La emperatriz Elena se enfureció, frustrada y ofendida. Apenas había la mitad de aquella suma en todo el tesoro real, y ello gracias a los impuestos que acababan de percibir por la fuerza de la ya abrumada población. Habría que vender las joyas que la emperatriz había obtenido cuidadosamente de sus amantes. Hacía muchos años que las joyas reales no eran más que imitaciones.

Elena persuadió a su atribulado esposo de poner sitio a Focea en vez de pagar el rescate. Tanto Orján como Teadora encontraron divertida la acción del emperador y el desesperado intento de Elena de conservar sus joyas. Sabía que Halil estaría a salvo con Alejandro, y Orján aseguró al pirata que el rescate sería pagado. El sultán aprovechó la ausencia de las fuerzas bizantinas de Tracia como invitación a invadirla hasta más lejos. Esta invasión no tropezó virtualmente con la menor resistencia. En realidad, la población local más bien recibió a los turcos como liberadores, harta de servidumbre bajo los codiciosos señores locales.

Avisado de esta actitud por su esposa, el emperador se apresuró a volver a Constantinopla, sólo para que el sultán lo enviara de nuevo a Focea. Fatigado, sintiéndose como una lanzadera más que como un hombre, Juan Paleólogo puso nuevamente rumbo a Focea…, y allí se encontró con que su flota había levantado el asedio y no estaba dispuesta a continuarlo.

El emperador, desesperado, pidió clemencia a Orján. El sultán otomano era reconocido ahora como superior del infeliz emperador, y permaneció firme: había que pagar el rescate Corría ahora el año 1359, y Juan acudió humildemente a SL señor en Scutari, como un vasallo que pidiera perdón a su soberano. Allí se le dijo que debía pagar el rescate, aumentado ahora con una multa de cinco mil ducados. También tuvo que aceptar el statu quo en Tracia y dar a su única hija, Alexis, como esposa al príncipe Halil. El emperador accedió, llorando amargamente. No tenía alternativa.

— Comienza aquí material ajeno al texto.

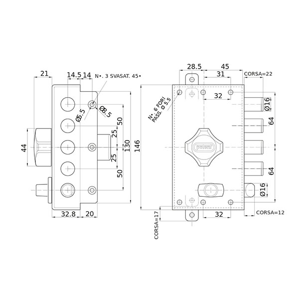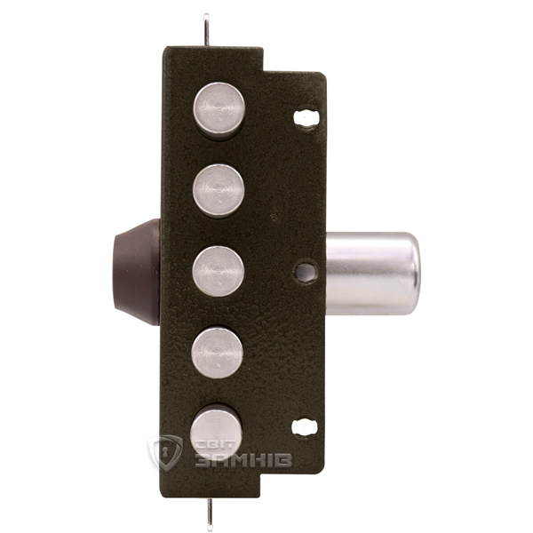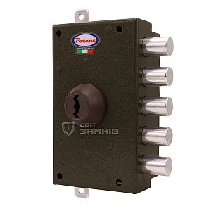 Дана модель призначена для дверей ЛІВОГО відкривання. Замок керується серцевиною з помповим ключем. Вона приводить в дію 5 круглих стальних ригелів діаметром 16 мм та додаткові провушини, до яких можна під’єднати тяги і девіатори. Завдяки цьому закривання відбувається в 3 сторони. Повний вихід ригелів становить 22 мм. При відкриванні та закриванні дверей ключ «виштовхується» із серцевини. Такі ключі мають малі розміри, тому їх зручно носити в кишені чи сумці невеликого розміру. Броньована серцевина володіє захистом від провертання методом “згортку” та стійкою до висвердлювання захисною шайбою. Додаткові штифти в кодовій частині забезпечують 170 000 можливих комбінацій та захист від відмичок. Це робить майже неможливими підбір ключа. Ригелі захищені від забивання. В даній комплектації присутній циліндр довжиною 70 мм. В разі більшої або меншої товщини дверей є можливість замовити модель замка із іншою довжиною – 50, 60 або 80 мм

Pero la emperatriz era harina de otro costal. Elena casi derribó a gritos su palacio. Se mesaba los largos y rubios cabellos. Arrojaba al suelo cuanto se ponía al alcance de su mano y azotaba a las esclavas lo bastante desdichadas para acercarse a ella. Los ingenios de la corte dijeron que no se podía saber de fijo lo que más lamentaba la emperatriz: si la pérdida de sus joyas o la pérdida de Moscovia, pues casi habían terminado las negociaciones para el noviazgo de Alexis con el heredero del zar.